Allah subhanahu wa ta’ala berfirman,
وَسَبِّحُوهُ بُكۡرَةٗ وَأَصِيلًا
“Dan bertasbihlah kepada-Nya pada waktu pagi dan petang,” yakni pada permulaan dan penghujung hari, disebabkan keutamaan kedua waktu ini dan mudahnya zikir dikerjakan pada waktu-waktu tersebut.
Selain itu, Rasulullah shallallahu ‘alaihi wassalam pernah bersabda,
كُلُّ سُلَامَى مِنَ النَّاسِ عَلَيْهِ صَدَقَةٌ
“Setiap persendian manusia itu ada kewajiban sedekahnya.”[1]
Ibnu Rajab al-Hanbali rahimahullah berkata, “Secara lahiriah, hadits ini menunjukkan bahwa rasa syukur dengan mengerjakan sedekah ini wajib atas setiap muslim, setiap hari….”[2]
Sungguh, terlalu banyak kesenangan yang telah dilimpahkan oleh Allah k kepada kita. Kenikmatan yang ada di sebagian tubuh kita, yaitu jari-jemari tangan kita, tidak mampu kita menghitungnya, apalagi mensyukurinya secara sempurna. Di sisi lain, karunia yang diberikan kepada kita ini sering kita kufuri, dalam wujud amalan yang sia-sia sampai pada perbuatan dosa. Wallahul musta’an.
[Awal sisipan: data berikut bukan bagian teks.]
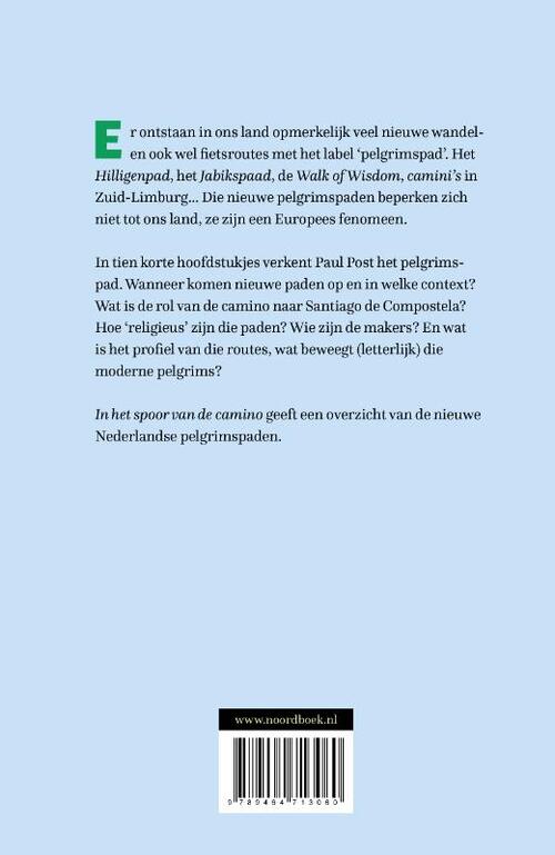 Er ontstaan in ons land opmerkelijk veel nieuwe wandel- en ook wel fietsroutes met het label 'pelgrimspad'. Het Hilligenpad, het Jabikspaad, de Walk of Wisdom, camini's in Zuid-Limburg... Die nieuwe pelgrimspaden beperken zich niet tot ons land, ze zijn een Europees fenomeen. In tien korte hoofdstukjes verkent Paul Post het pelgrimspad. Wanneer komen zulke nieuwe paden op en in welke context? Wat is de rol van de camino naar Santiago de Compostela? Hoe 'religieus' zijn die paden? Wie zijn de makers? En wat is het profiel van die routes, wat beweegt (letterlijk) die moderne pelgrims? In het spoor van de camino geeft een overzicht van de nieuwe Nederlandse pelgrimspaden.

Oleh sebab itu, dengan penuh kesadaran, kita kembali datang menghadap kepada Allah, mengakui kelemahan dan kesalahan kita. Selain itu, kita memperbaiki diri dengan memperbanyak amalan yang semoga dapat menutupi kesalahan yang ada.
Pada beberapa edisi yang lalu telah kami uraikan makna sebagian bacaan zikir yang selalu kita amalkan. Pada edisi ini, akan kami uraikan bacaan zikir yang disebutkan dalam hadits di bawah ini.
Rasulullah shallallahu ‘alaihi wassalam bersabda,
مَنْ قَالَ إذَا أَصْبَحَ: رَضِيتُ بِاللهِ رَبًّا وَبِالْإِسْلَامِ دِينًا وَبِمُحَمَّدٍ نَبِيًّا؛ فَأَنَا الزَّعِيمُ لَآخُذَنَّ بِيَدِهِ حَتَّى أُدْخِلَهُ الْجَنَّةَ
“Siapa yang pada pagi hari mengucapkan, ‘Aku ridha Allah sebagai Rabb, Islam sebagai agama, dan Muhammad (shallallahu ‘alaihi wassalam) sebagai nabi’, aku menjamin bahwa aku sungguh akan memegang tangannya sampai memasukkannya ke surga.”[3]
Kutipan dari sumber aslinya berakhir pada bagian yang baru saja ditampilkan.